__WORK TO BE COMPLETED__. Word for word, restate the records that come next, omitting the images.
##############################
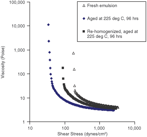 Figure 5 shows the rheology curve for the aged drilling fluid compared with the fresh drilling fluid. The decreased yield stress value after aging indicates a loss of gel structure. To determine whether any changes in the morphology also occurred as a result of aging, emulsions were characterized by microscopy. The results showed that the water droplet size had increased with aging, possibly as a result of coalescence. However, if the aged drilling fluid was again homogenized by high-speed stirring, an emulsion with fine droplets was obtained. This also results in an increase in yield stress values.
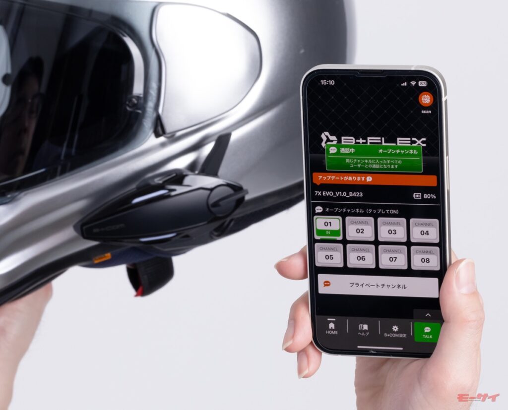 B+COM(ビーコム)シリーズのハイエンドモデルが約8年ぶりに刷新される。最大の変更点は通信方式。従来モデルではブルートゥース通信だったのが、新型「7X EVO」(セブンエックス エボ)で採用されたのはメッシュ方式。
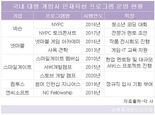 게임 아카데미는 청소년을 대상으로 실무 중심의 개발과정 교육을 8여개월간 제공해 자신만의 게임을 만들 기회를 제공하는 인재 육성 프로그램이다. 게임 경진대회를 통해 참가자들이 제작한 작품 중 우수작을 시상하고 전시회를 통해 공개한다.
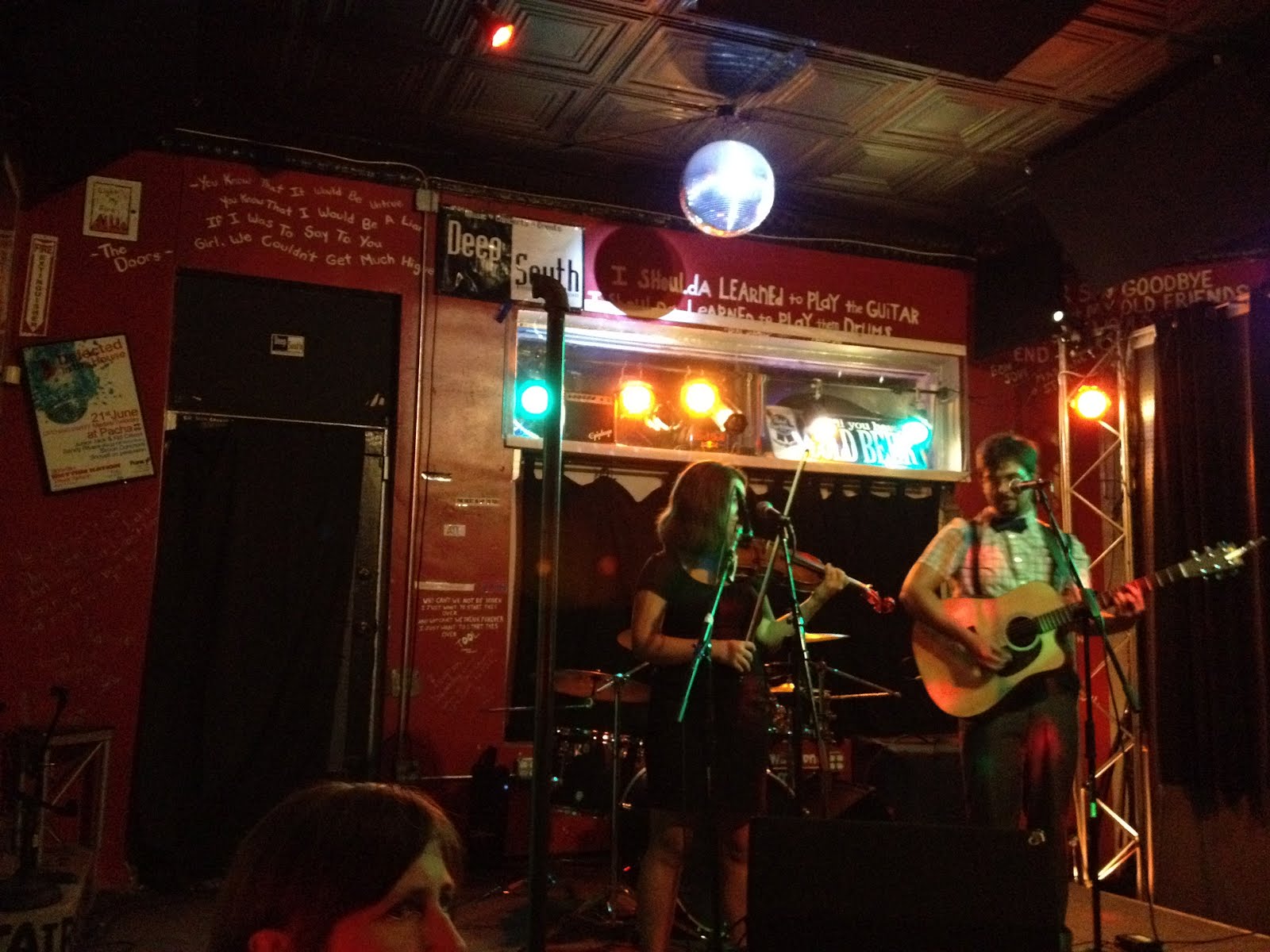 As I mentioned in yesterday's entry, earlier tonight we went to see Sarah and Ben, in their guise as The Camaraderie, play at the Deep South Bar in Raleigh. They were the first of four bands and the only one I had the chance to see. (We had to leave not long after their set due to some previously committed and important early-morning obligations.)
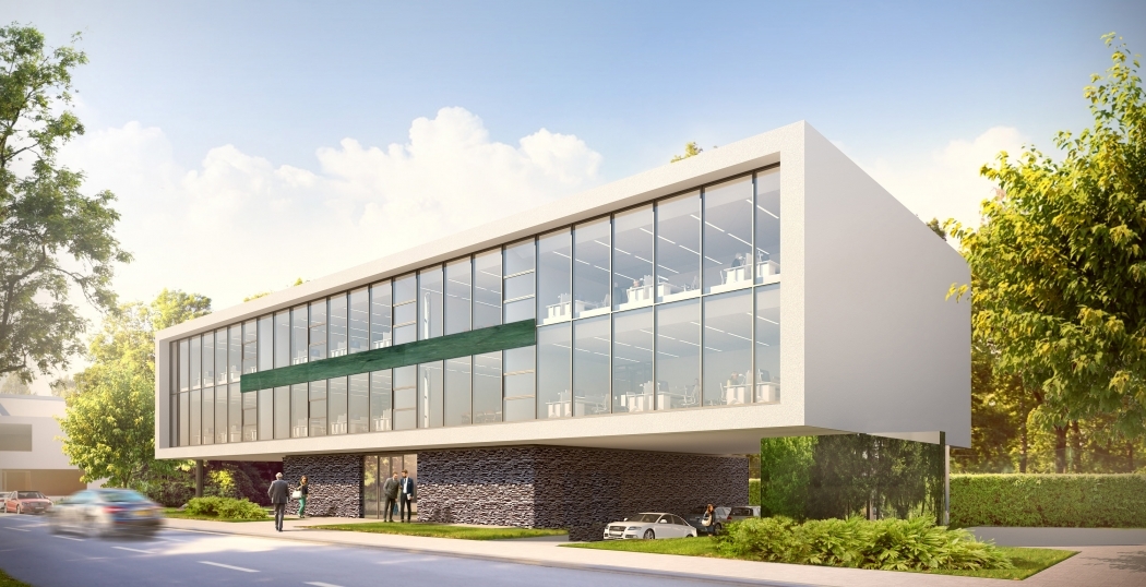 Bouw kantoorgebouw The Pavilion in groene omgeving
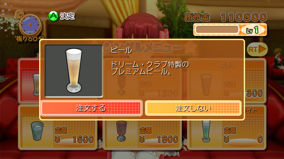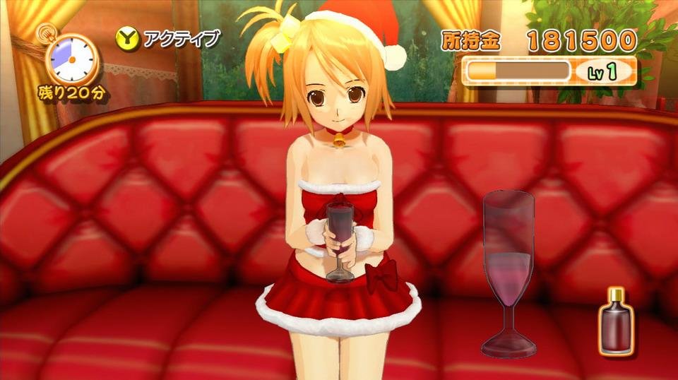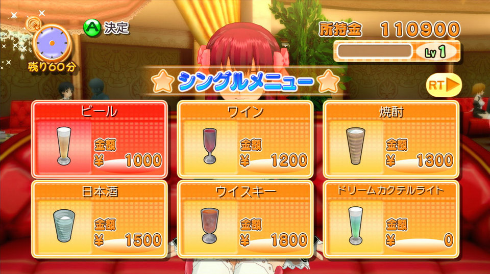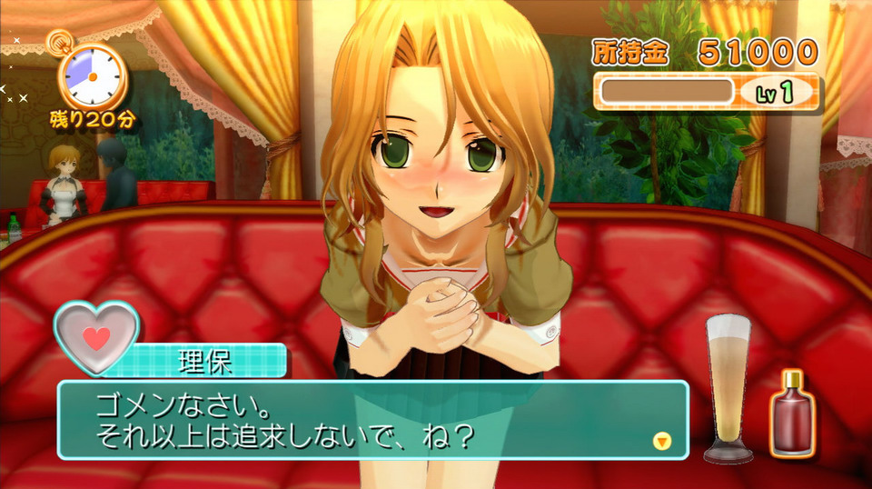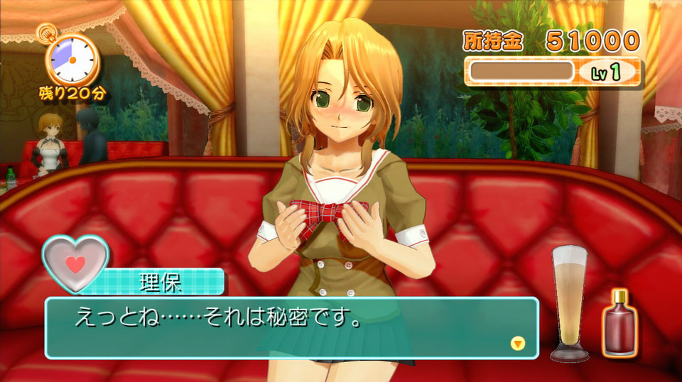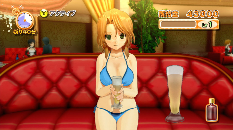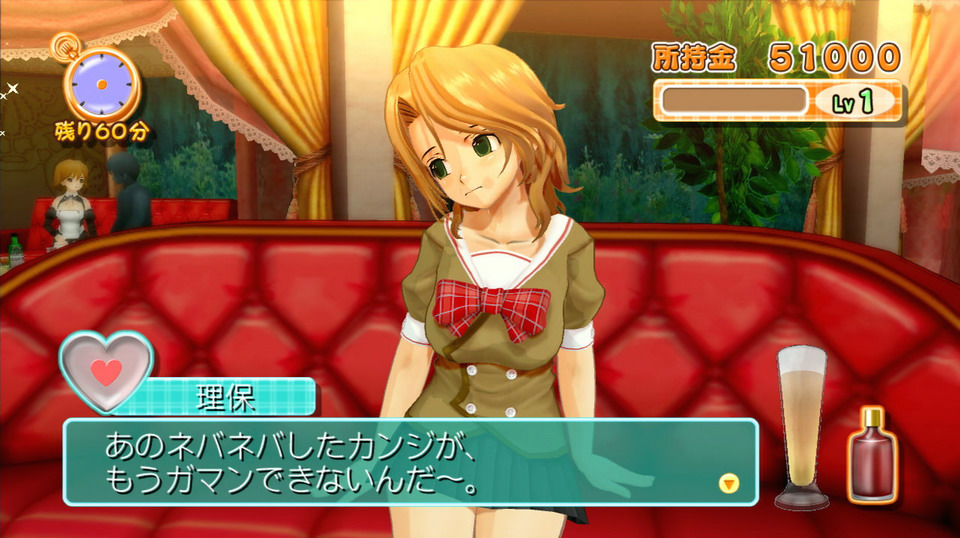 不同的接待女侍有著各自喜好的酒類,碰到喜歡的酒類時飲酒量也會隨之增加。當雙方進入酒酣耳熱的微醺階段時,女孩的反應跟對話都會產生變化,有機會能聽到女孩酒後吐真言。因此保持自己不醉倒並盡量逗女孩喝酒的技巧,將是遊戲攻略的重點。
##############################
__ANSWER SECTION__.
 Figure 5 shows the rheology curve for the aged drilling fluid compared with the fresh drilling fluid. The decreased yield stress value after aging indicates a loss of gel structure. To determine whether any changes in the morphology also occurred as a result of aging, emulsions were characterized by microscopy. The results showed that the water droplet size had increased with aging, possibly as a result of coalescence. However, if the aged drilling fluid was again homogenized by high-speed stirring, an emulsion with fine droplets was obtained. This also results in an increase in yield stress values.
 B+COM(ビーコム)シリーズのハイエンドモデルが約8年ぶりに刷新される。最大の変更点は通信方式。従来モデルではブルートゥース通信だったのが、新型「7X EVO」(セブンエックス エボ)で採用されたのはメッシュ方式。
 게임 아카데미는 청소년을 대상으로 실무 중심의 개발과정 교육을 8여개월간 제공해 자신만의 게임을 만들 기회를 제공하는 인재 육성 프로그램이다. 게임 경진대회를 통해 참가자들이 제작한 작품 중 우수작을 시상하고 전시회를 통해 공개한다.
 As I mentioned in yesterday's entry, earlier tonight we went to see Sarah and Ben, in their guise as The Camaraderie, play at the Deep South Bar in Raleigh. They were the first of four bands and the only one I had the chance to see. (We had to leave not long after their set due to some previously committed and important early-morning obligations.)
 Bouw kantoorgebouw The Pavilion in groene omgeving
 不同的接待女侍有著各自喜好的酒類,碰到喜歡的酒類時飲酒量也會隨之增加。當雙方進入酒酣耳熱的微醺階段時,女孩的反應跟對話都會產生變化,有機會能聽到女孩酒後吐真言。因此保持自己不醉倒並盡量逗女孩喝酒的技巧,將是遊戲攻略的重點。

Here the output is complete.